KNOW YOUR NUMBER was an information campaign to increase the public’s awareness about the hemoglobin A1c (A1C) test several years ago. Today, there is confusion about what that number should be. According to the American Diabetes Association, the goal should be 7% or less.1 A panel from the American Association of Clinical Endocrinologists says it should be 6.5% or less.2 So what is THE NUMBER today?
I initially became aware of this discrepancy in recommendations as I attended national diabetes meetings where diabetes care professionals were asking “What do we tell patients?” Then, my patients began to ask about their A1C goal after receiving educational materials from pharmaceutical companies noting the goal of 6.5% or less. The question most often came from patients with type 1 diabetes on insulin pumps or multiple daily injections, who know the challenge of achieving and maintaining an A1C result less than 7%, let alone less than 6.5%.
The United Kingdom Prospective Diabetes Study (UKPDS) and the Diabetes Control and Complications Trial (DCCT) confirmed that the lower the A1C, the lower the risk of complications.3,4 But we also know from the DCCT/Epidemiology of Diabetes Interventions and Complications (EDIC) Study data that it is extremely difficult to maintain even a 7.2% A1C over the long term.5 The EDIC data are showing that even seemingly short-term improvements have long-term implications. Those in the intensive control group still have fewer complications even as their A1C results have increased over time.
Yes, the state of diabetes care and control in the United States is awful. Change must occur. Health care practitioners, people with diabetes, government agencies, health care organizations, and third-party payers must recognize that diabetes and the associated dysmetabolic syndrome must be treated more aggressively.
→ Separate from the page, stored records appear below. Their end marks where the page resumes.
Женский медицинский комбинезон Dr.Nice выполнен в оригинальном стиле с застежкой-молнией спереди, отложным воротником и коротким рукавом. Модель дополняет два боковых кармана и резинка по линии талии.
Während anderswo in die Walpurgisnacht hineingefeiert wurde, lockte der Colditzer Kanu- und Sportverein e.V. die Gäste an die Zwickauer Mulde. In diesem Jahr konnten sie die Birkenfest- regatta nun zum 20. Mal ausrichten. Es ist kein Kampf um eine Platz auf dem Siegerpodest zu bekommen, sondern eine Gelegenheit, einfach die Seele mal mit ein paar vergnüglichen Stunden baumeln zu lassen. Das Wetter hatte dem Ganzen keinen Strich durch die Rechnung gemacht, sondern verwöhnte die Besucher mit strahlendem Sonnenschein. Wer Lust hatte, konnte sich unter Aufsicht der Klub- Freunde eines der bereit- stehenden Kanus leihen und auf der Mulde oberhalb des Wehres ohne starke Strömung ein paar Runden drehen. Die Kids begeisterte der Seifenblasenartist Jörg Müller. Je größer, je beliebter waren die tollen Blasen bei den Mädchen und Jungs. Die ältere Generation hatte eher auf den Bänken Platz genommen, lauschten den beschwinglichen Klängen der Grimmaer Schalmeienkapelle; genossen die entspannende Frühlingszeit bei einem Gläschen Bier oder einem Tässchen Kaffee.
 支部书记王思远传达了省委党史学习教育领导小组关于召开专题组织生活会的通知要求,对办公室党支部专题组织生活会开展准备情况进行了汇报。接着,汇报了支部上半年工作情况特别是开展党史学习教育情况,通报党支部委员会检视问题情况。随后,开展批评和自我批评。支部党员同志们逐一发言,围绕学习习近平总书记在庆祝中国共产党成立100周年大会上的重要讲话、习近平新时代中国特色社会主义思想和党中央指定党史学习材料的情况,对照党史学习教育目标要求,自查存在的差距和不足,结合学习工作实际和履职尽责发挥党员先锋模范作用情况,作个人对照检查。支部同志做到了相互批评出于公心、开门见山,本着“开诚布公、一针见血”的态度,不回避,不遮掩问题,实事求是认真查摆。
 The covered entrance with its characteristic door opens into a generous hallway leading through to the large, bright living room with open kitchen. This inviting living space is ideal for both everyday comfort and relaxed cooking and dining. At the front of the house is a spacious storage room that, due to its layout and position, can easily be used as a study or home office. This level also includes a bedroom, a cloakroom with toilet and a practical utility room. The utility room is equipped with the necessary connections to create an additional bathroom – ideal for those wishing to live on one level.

But more is necessary than just deciding on THE NUMBER.
Multiple challenges are before us. Challenges for people with diabetes, health care providers, and our government.
I contend that just saying something is so is not sufficient to make it happen. We must remember that individual patients make up the population of people with diabetes. These patients make choices about how they live with diabetes, and their choices change from day to day and year to year.
Some patients consciously make choices about their degree of glycemic control. Today, we have better medications; we have better technology. But in some ways, our advances may only contribute to earlier diabetes burnout.
Many people with diabetes still receive inadequate treatment options and information from their providers. Encouraging providers to be more aggressive with their treatment strategies is not new. But without professional education and tools to help people with diabetes achieve their goals, that achievement isn’t likely to happen. Changing the target by 0.5% isn’t going to provide the skills, tools, or treatment strategies to help patients reach it. Too many people with diabetes just don’t know that a lower A1C is better. They still have not received the information that lower is better.
Having enough money to pay for all the available treatment tools is another very real issue. Can people afford to treat their diabetes with multiple medications—not only for diabetes itself, but also for high blood pressure and dyslipidemias? If not, how should patients prioritize their expenditures? If you had to pick, would you treat a patient’s high blood glucose or high blood pressure? According to the UKPDS, it may be more important to treat the blood pressure if the patient has type 2 diabetes.
Above all, let’s remember that a goal is a goal. As a practitioner who sees people with diabetes every day, I have to remember the individual. Patients ultimately must set their own goals. Prescriptions alone are not going to make THE NUMBER (whatever it may be) happen.
I am the coach. I use a risk reduction graph to show people with diabetes the value of glucose control in relation to complication reductions. The graph illustrates that for every percent reduction in A1C, there is a corresponding reduction in the risk of complications. When a person with diabetes in my practice decreases his or her A1C results from 11 to 8%, I appreciate the effort that has gone into achieving that reduction. Would a 6.5% A1C result be better? Of course. Would we continue to evaluate strategies to lower A1C results more? Yes. But at what price? Is that my decision or the decision of the person with diabetes?
For patients with type 1 diabetes, the incidence of hypoglycemia with tighter control may be such that it affects their daily living. Yes, new therapies may reduce this problem, but I imagine that hypoglycemia and fear of hypoglycemia will still keep the majority from achieving this level of control. People with type 2 diabetes may well be able to reach this target early in the disease if they are medicated aggressively and coached appropriately. But they will develop the same risk of hypoglycemia later in their disease, and, as shown in the UKPDS, the longer the duration of disease, the more difficult it will be to maintain the lower A1C levels. Diabetes is a progressive disease.
Let’s be cautious with the messages that we send, especially those to people with diabetes. They are the ones who live with this disease of many details and inconveniences every day. Let’s not overlook what they are doing day-to-day.
And let’s not confuse the provider community with a game of “What’s THE NUMBER?” when our overriding and ongoing message should be, “We need to be doing better.” The national A1C average is 9.2%. Every percent decrease improves outcomes and reduces the personal and financial burden of diabetes.
We need to promote the message of reducing the risks—that lowering glucose, lowering lipids, lowering blood pressure all improves outcomes. Our focus should be KNOW YOUR NUMBERS, not “What is THE NUMBER?”